Now it was time to find out what her husband had been up to while his wife was away. At first, Peter had seemed affronted that Sophia would so much as suspect that he would get up to any monkey business while she was gone, but it was really more of a ploy to turn her on than a genuine attempt on his part to pull the wool over her eyes. It all began to fall into place when Peter let it slip out in conversation that Piri's sister was visiting from Szeged in Hungary.

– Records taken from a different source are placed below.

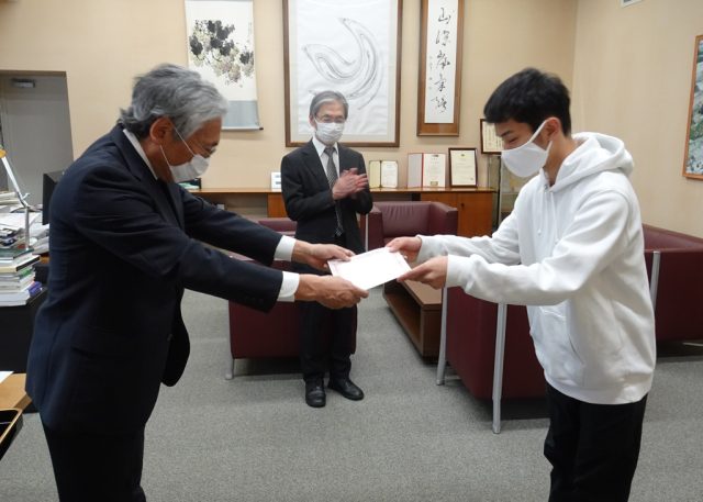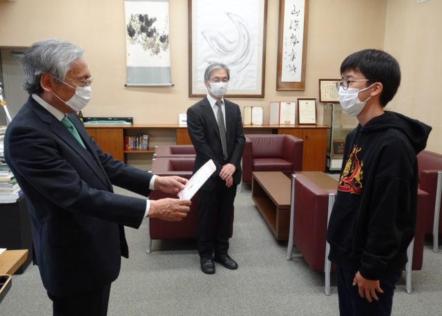令和4年5月13日(金)、学部2年生の成績優秀者4名(南川 虎之介さん、古明地 颯天さん、ほか2名)に22世紀奨学金が授与されました。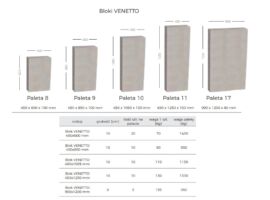 Bloki Venetto z oferty firmy Galabeton to seria w skład, której wchodzi pięć prostokątnych bloków o różnych rozmiarach.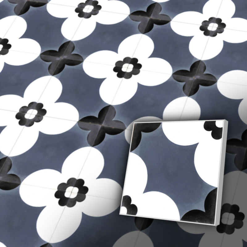 Gemusterte Zementfliese in 2 bis 3 Farben - Bestellware in Wunschfarbe - einige Wochen Lieferzeit.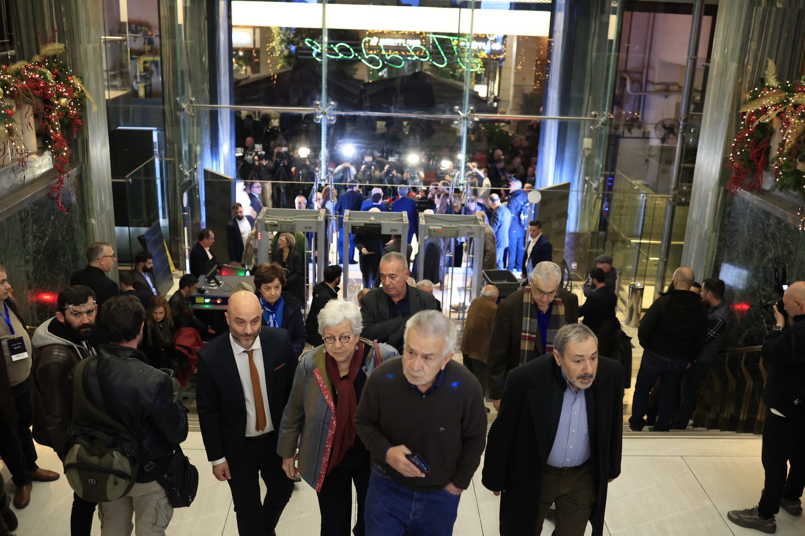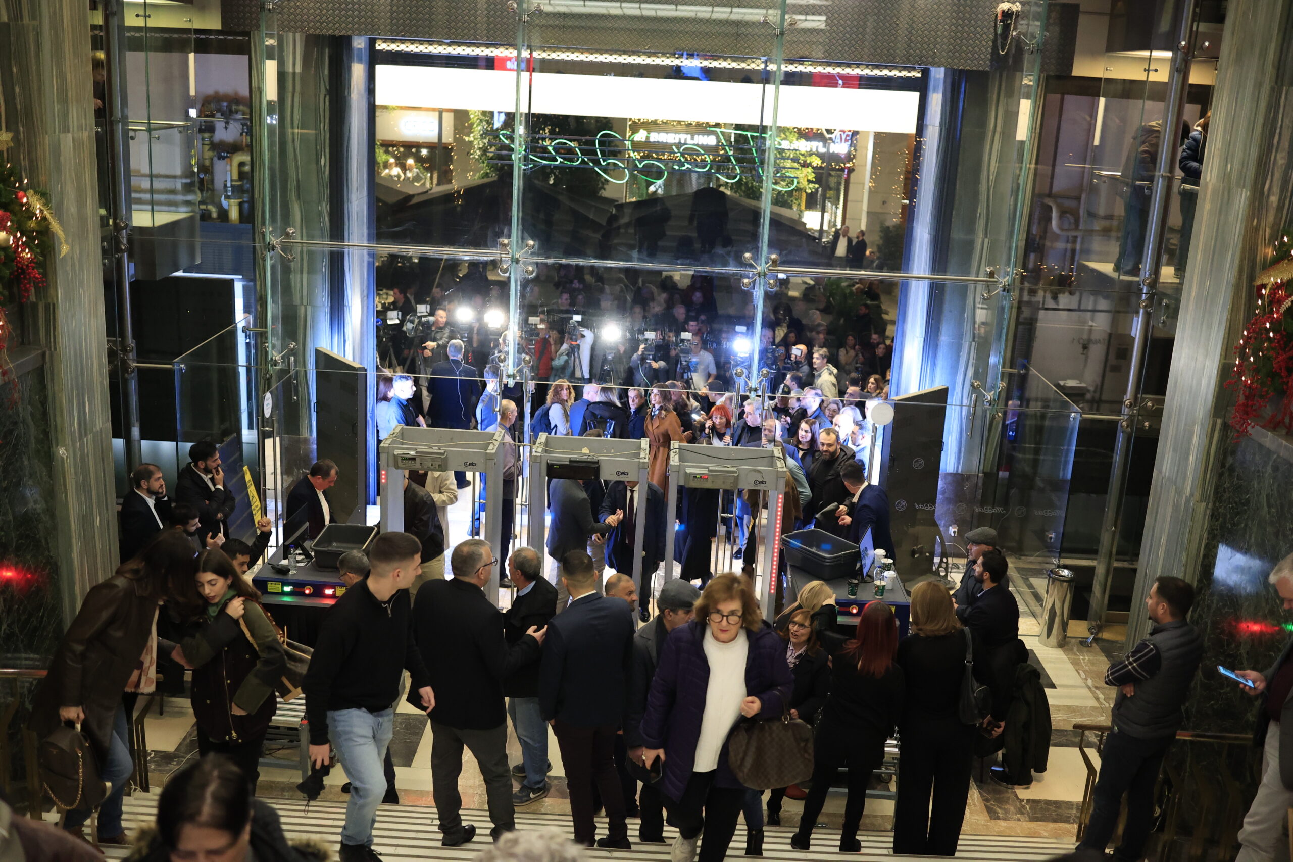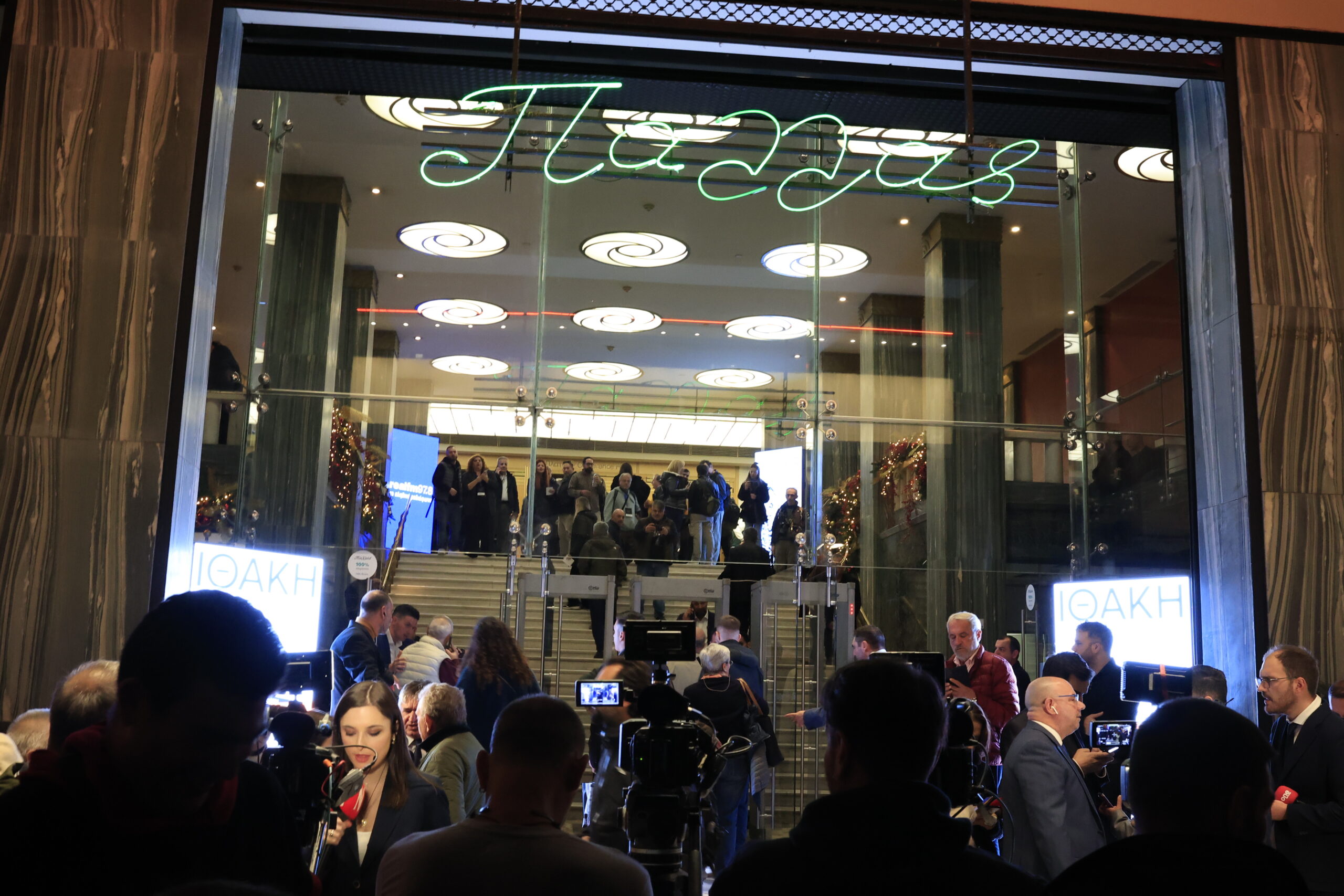 Ιδιαίτερα αυξημένα είναι τα μέτρα ασφαλείας στην είσοδο του θεάτρου Παλλάς, καθώς χιλιάδες κόσμου συγκεντρώνονται για την παρουσίαση του βιβλίου “Ιθάκη”. Δύο ώρες πριν την έναρξη, οι θεατές σχηματίζουν ουρές και στριμώχνονται στα σκαλοπάτια, ενώ τα βιβλία έχουν ήδη στηθεί έξω από την αίθουσα, προετοιμασμένα για το κοινό.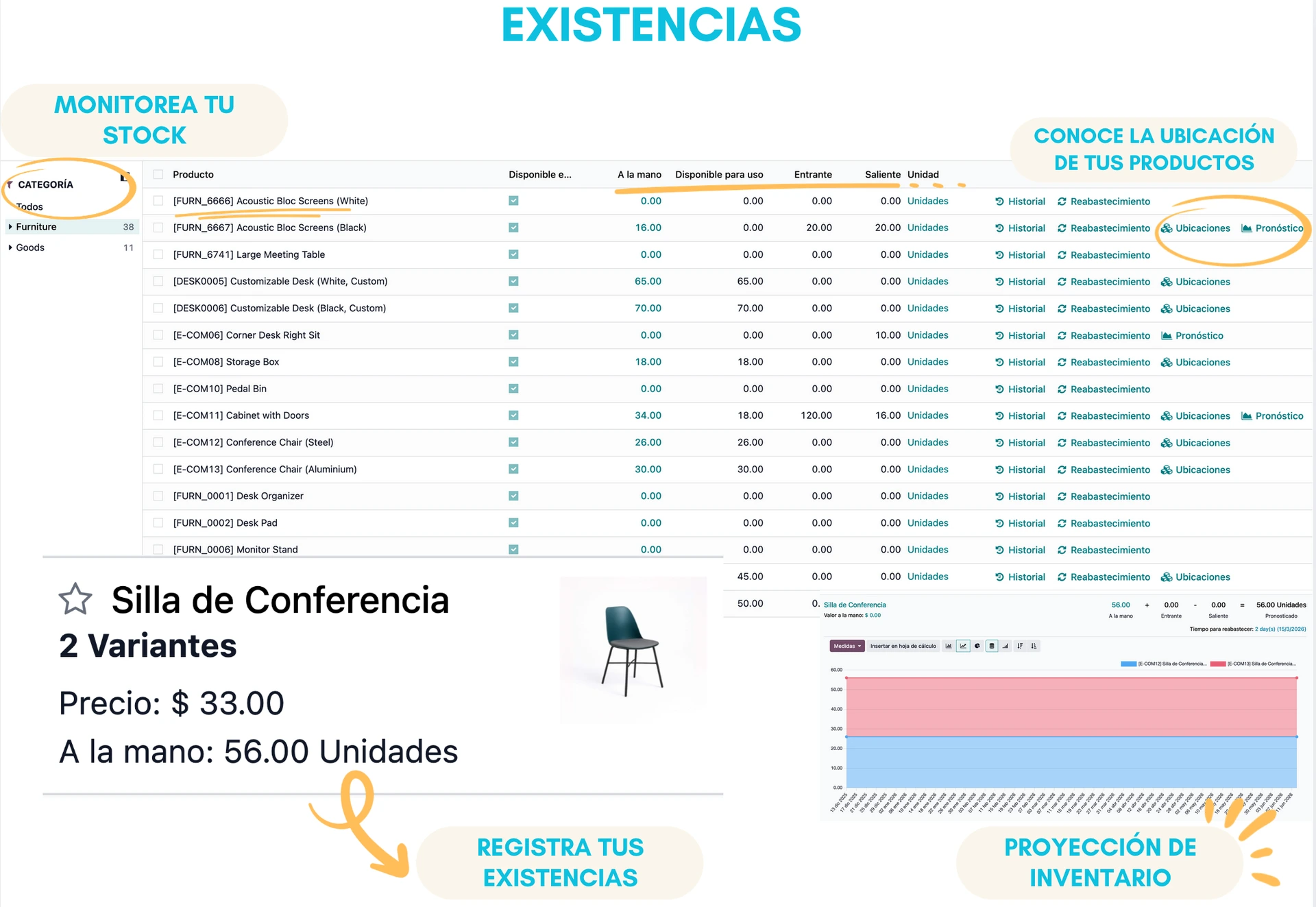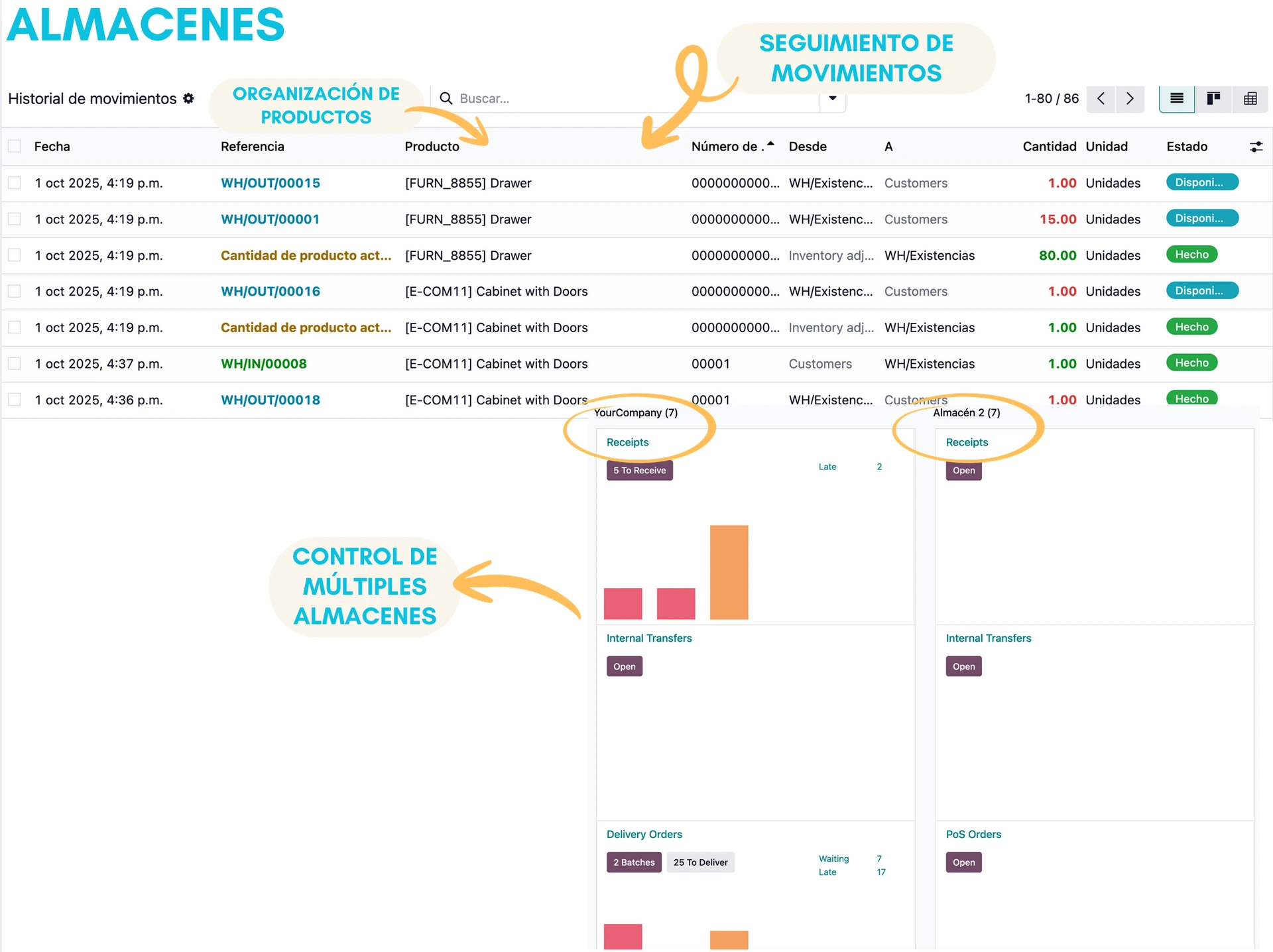 Administra uno o varios almacenes y controla los movimientos de entrada, salida y transferencia de productos.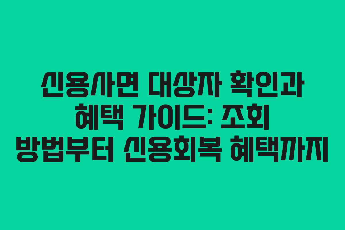 아래를 읽어보시면 신용사면 대상자 확인 방법과 혜택의 구체를 한눈에 파악할 수 있습니다. 조회 시점에 따른 자격 요건과 성실상환의 효과까지 핵심 내용을 간략히 정리했습니다.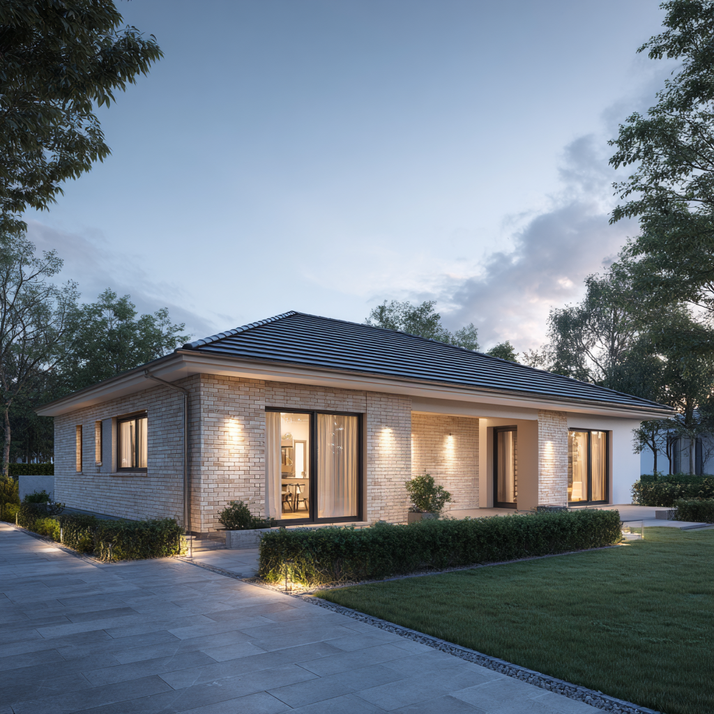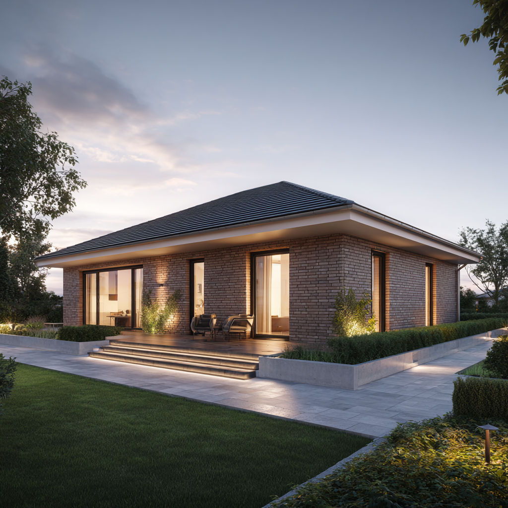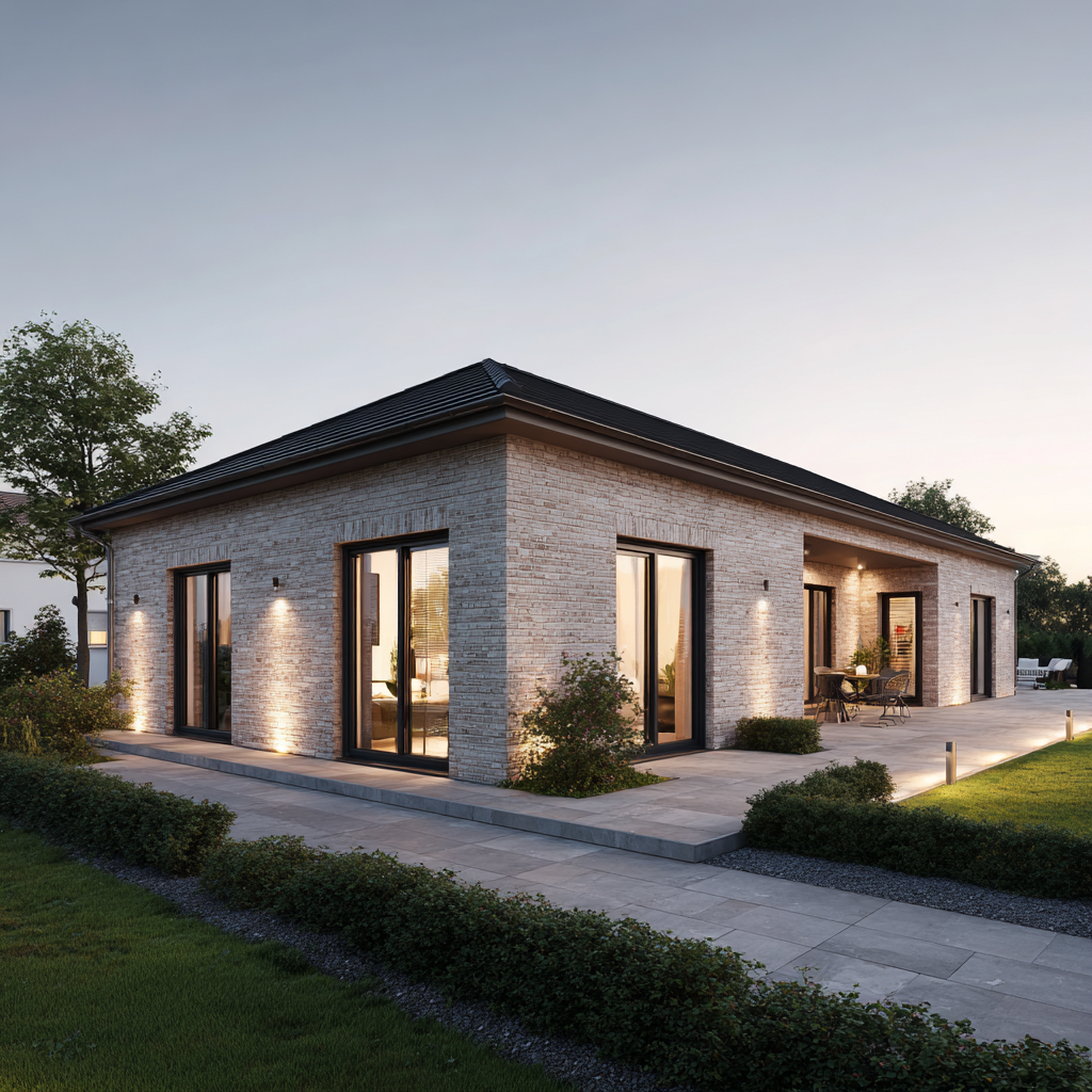 Abends, wenn das warme Licht durch die großen Fenster fällt und die Klinkerfassade in goldenem Schimmer erstrahlt, zeigt der „Dünenblick 112“ seine wahre Stärke: nordische Klarheit, handwerkliche Qualität und das Gefühl, angekommen zu sein. Ein Massivhaus, das Ruhe und Zuversicht ausstrahlt – ganz so, wie man es sich an der Küste wünscht.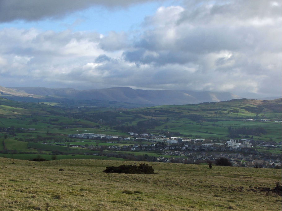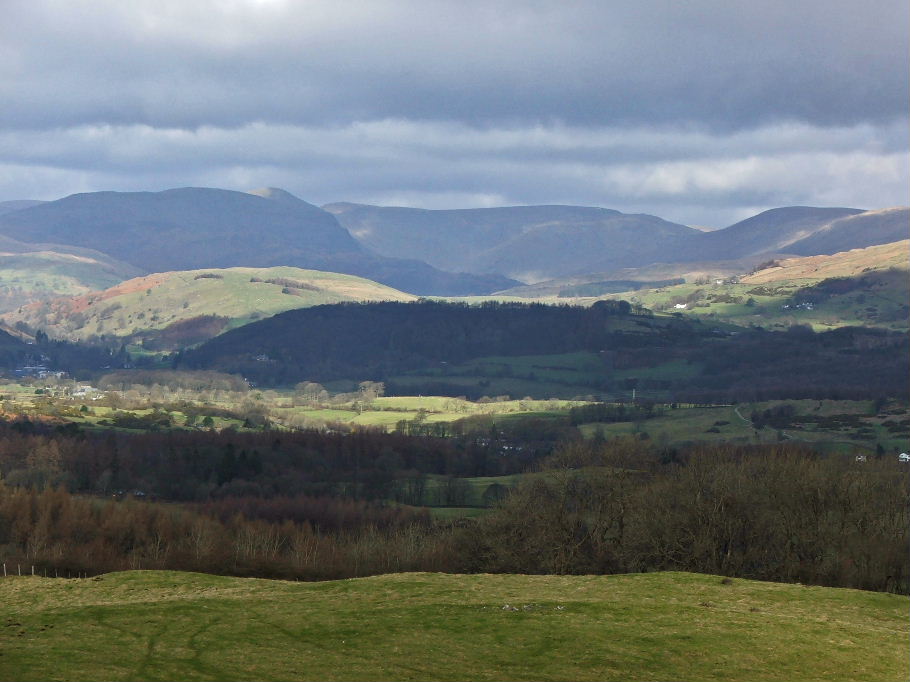 Looking towards the Kentmere Fells from Cunswick Fell. The Reston Scar , in shadow is on the left with Staveley below it.

'Ah, I get it, a threesome with the sisters?'
'Well, not exactly.'
'You mean you took this sister out for a romantic dinner, wined and dined her and then brought her back to this bed for a quick - sorry, long - fuck?'
'Again, not exactly. Look, do you want me to tell you, or are you set on going through all the possibilities?'
'Okay, one more try. Knowing how generous, hospitable and inclusive you are, you cooked for them here and then banged all three of them before they buggered off home at dawn?'
'Did you set up hidden cameras or what?!'
'Oh, Peter, you are incorrigible. I know you're dying to tell me what happened. Go on - I'm all ears.'
And so Peter told the story of his evening with Myška, Piri and Kriszta, which I will reduce to a kind of gist to give a flavour of what was an uproarious and very special night. It all really kicked off after dinner, or perhaps I should say,
with
dinner, since Peter had prepared an authentic goulash, with imported Hungarian sweet paprika, beef lard, caraway seeds - the works. Piri had brought six bottles of the best Hungarian red wine she could lay hands on, and Myška had brought a dessert - a fabulous lemon meringue pie. Meanwhile, Kriszta hadn't been idle, preparing some traditional pogácsa pastries in a variety of flavours, including bacon and pumpkin seed, while the goulash was simmering away.
(God, Sophia thought, Peter's always been one for using food to lower the defences and get girls to drop their panties for him.)
After dinner, they had played a popular Hungarian card game called ulti, tweaking it so that there were forfeits for those who lost a certain number of hands. Yes, a bit like strip poker, in practice, Peter conceded, but more like 'Truth or Dare', in theory. Sophia could see where this was going - not that it was exactly something requiring a degree in astrophysics to predict. Peter explained that one unforeseen consequence of picking a game that was well known to three of the participants but unknown to the fourth (Peter himself) was that he had fared significantly worse than the others and had had to face several humiliating situations early in the evening.
The first was when he chose 'truth' and was asked if he had ever been thinking about another woman when making love to his wife. When he said, 'Only twice,' the others had of course pressed him to name the women. Peter had blushed - most out of character - which merely led to the chorus of voices asking him to name names to grow louder. Driven into a corner from which there was no escape, he said the two people concerned were with him in the room now. The revelation - such as it was - was received with whooping and hollering by the protagonists, but Kriszta remained strangely silent. (I can see where this is going, thought Sophia.)
'So you find me unattractive, Péter?' she finally said, addressing him, as she always did, after the Hungarian manner.